Fifth, the Director can institute the proper action to enjoin an employer from continuing business operations, if that employer fails to insure or keep its insurance effective. Section8-43-409, C.R.S. (1991 Supp.).
SUMMARY
The rejection of worker's compensation under the corporate officer exemption, section 8-41-202, is effective only as it relates to the "employing corporation" — the corporation of which the worker is a corporate officer. The waiver does not affect any other entity. Any other employer of the worker must provide compensation under the requirements of the Act.
The director is empowered to ensure that corporate officer waivers comply with statutory requirements. The director is empowered to ensure that employers and insurers provide compensation as required.
Sincerely,
                             GALE A. NORTON Attorney General
WORKMEN'S COMPENSATION WAIVERS STATUTORY CONSTRUCTION S.B. 236 (1983)

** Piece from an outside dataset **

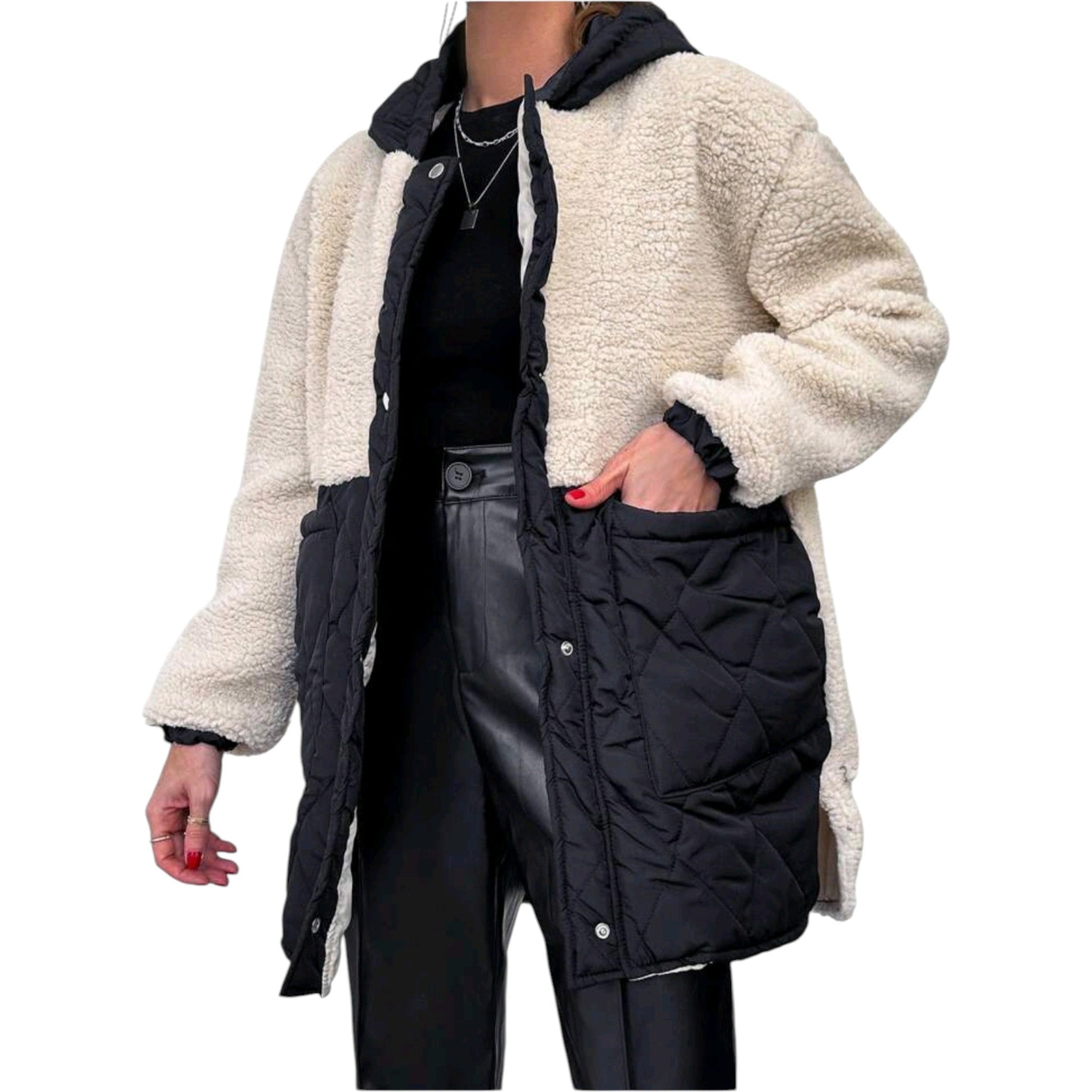 Címke nélküli, bézs/fekete, gyapjúhatású (teddy) anyagból készült téli kabát, elöl patentos záródással, nagy fekete steppelt zsebekkel és fekete steppelt kapucnival, hosszú ujjú.

§ 8-40-101(1), C.R.S. (1991 Supp.) § 8-40-102, C.R.S. (1991 Supp.) § 8-40-202, C.R.S. (1991 Supp.) § 8-40-203, C.R.S. (1991 Supp.) § 8-41-202, C.R.S. (1991 Supp.) § 8-41-202(1), C.R.S. (1991 Supp.) § 8-41-202(3), C.R.S. (1991 Supp.) § 8-43-208(1), C.R.S. (1991 Supp.) § 8-43-208(3), C.R.S. (1991 Supp.) § 8-43-401, C.R.S. (1991 Supp.) § 8-43-408, C.R.S. (1991 Supp.) § 8-44-101(1), C.R.S. (1991 Supp.) § 8-44-102, C.R.S. (1991 Supp.) § 8-44-106, C.R.S. (1991 Supp.) § 8-44-106, C.R.S. (1991 Supp.)
LABOR  EMPLOYMENT, DEPARTMENT OF
Corporate officers may elect to waive workers compensation coverage pursuant to the Colorado Workers Compensation Act. Employees of a corporation would form a second entity, an employee corporation, but continue to work for the corporation that employed them. Officers of the employee corporation elected to waive coverage from both the employee corporation and the employer. However, the corporate officer may only waive coverage from the corporation of which it is an officer, and he may not waive coverage from his employer unless he is also a corporate officer of the employer. The director of the division of workers compensation is empowered to ensure that the corporate officer exemption complies with the statutory requirements.